The Court of Appeals of Washington, Division Two
Feb 16, 1977
16 Wn. App. 918 (Wash. Ct. App. 1977)

Opinion

No. 1934-2.

February 16, 1977.

[1] Appeal and Error — Findings of Fact — Review — In General. A reviewing court must accept findings of fact made upon substantial evidence as verities.

[2] Carriers — Duty of Care — Class of Carrier — Effect. A carrier, whether contract or common, must exercise at least ordinary care in transporting goods.

[3] Bailment — Limitation of Liability — In General. A bailee for mutual benefit is not permitted to disclaim or limit his liability for his own negligent acts.

[4] Carriers — Duty of Care — Damages — Lost Profits. A carrier's breach of its duty of care resulting in damage to cargo does not, without specific notice of possible consequential damages, expose the carrier to liability for profits lost to the cargo's owner as a result of his inability to use the cargo.

Damages — Measure of Damages — Loss of Use — Lost Profits.

Appeal from a judgment of the Superior Court for Pierce County, No. 227661, E. Albert Morrison, J., entered May 23, 1975.

Dennis J. LaPorte, for appellant.

Romney Brain and Moschetto Alfieri, for respondents.


Affirmed in part; reversed in part.

Action for damages. The plaintiff appeals from a judgment partially in his favor.


Plaintiff, King Logging Company, appeals from that portion of a Pierce County Superior Court judgment which denied it recovery of profits allegedly lost during the period of necessary repairs to a log yarder negligently damaged by defendants. Defendants cross-appeal from the award of damages for repair costs. We affirm in part and reverse in part.
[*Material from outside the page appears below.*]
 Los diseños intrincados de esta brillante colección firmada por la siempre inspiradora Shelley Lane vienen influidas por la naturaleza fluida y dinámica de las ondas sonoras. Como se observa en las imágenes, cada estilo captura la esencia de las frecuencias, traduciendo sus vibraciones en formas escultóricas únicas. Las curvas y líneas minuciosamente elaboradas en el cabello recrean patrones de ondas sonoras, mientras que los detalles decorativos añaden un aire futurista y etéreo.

In September 1972 plaintiff owned a Madill log yarder, a specialized piece of equipment weighing several tons and having a value of approximately $105,000. Plaintiff, who had contracts with Weyerhaeuser Company to remove timber which had already been felled on two different sites on Weyerhaeuser lands in Pierce County, intended to employ the yarder at the higher of the two sites to insure removal before weather conditions became too severe. It was then to be moved to the lower site and worked in conjunction with smaller equipment until the season ended.
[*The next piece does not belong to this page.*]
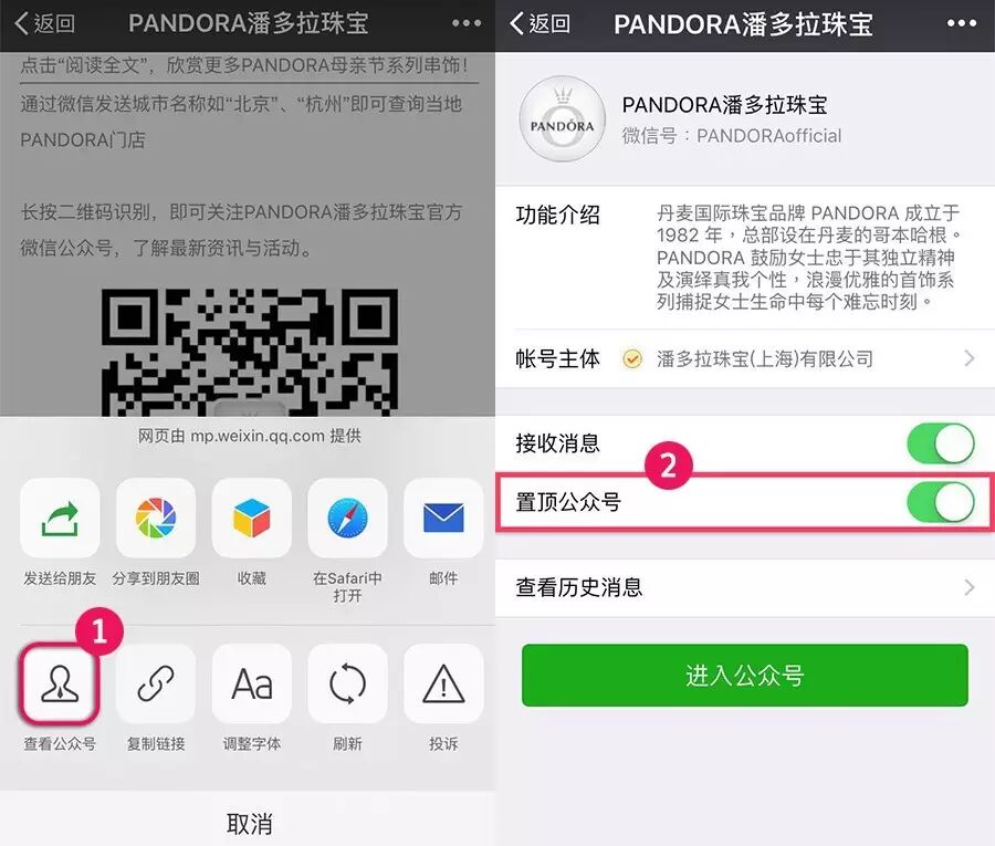 新版微信可以置顶“PANDORA潘多拉珠宝”微信公众账号了,只需点击进入微信主页,向右滑动“置顶公众号”的按钮,以后就能第一时间找到我们啦!

Defendants Scalzo were engaged in heavy equipment hauling for the general public, were registered as common carriers with the Public Service Commission, held themselves out as such, and charged rates approved by the commission. Defendant company had hauled the Madill yarder for plaintiff on two or three previous occasions, utilizing a specially designed tractor and lowboy trailer. On September 19, 1972, plaintiff's representative, Bud King, contacted Victor Scalzo by telephone and requested the yarder be transported a distance of approximately 25 miles over Weyerhaeuser roads to the upper site. Scalzo was not told of the Weyerhaeuser contracts nor of plaintiff's particular dependence upon the Madill yarder in order to complete them. In fact, he was not interested in the reasons for the haul, but only in road characteristics. Scalzo testified he declined to accept the job after King described the roads to be traversed. According to Scalzo, King called again and after further discussion about the nature of the roads, Scalzo agreed to make the haul. However, after conferring with his driver, Vaughn Burk, Scalzo still had reservations about the roads and called King for reassurance. He again agreed to make the haul and arranged that Burk would meet King on September 22, 1972. On that date Burk drove the tractor-trailer to the yarder's location, where it was loaded on the trailer, and was returning with it over the same road he had just traveled when the yarder fell from the trailer on a curve. It sustained extensive damage, and could not be repaired until some time in March 1973.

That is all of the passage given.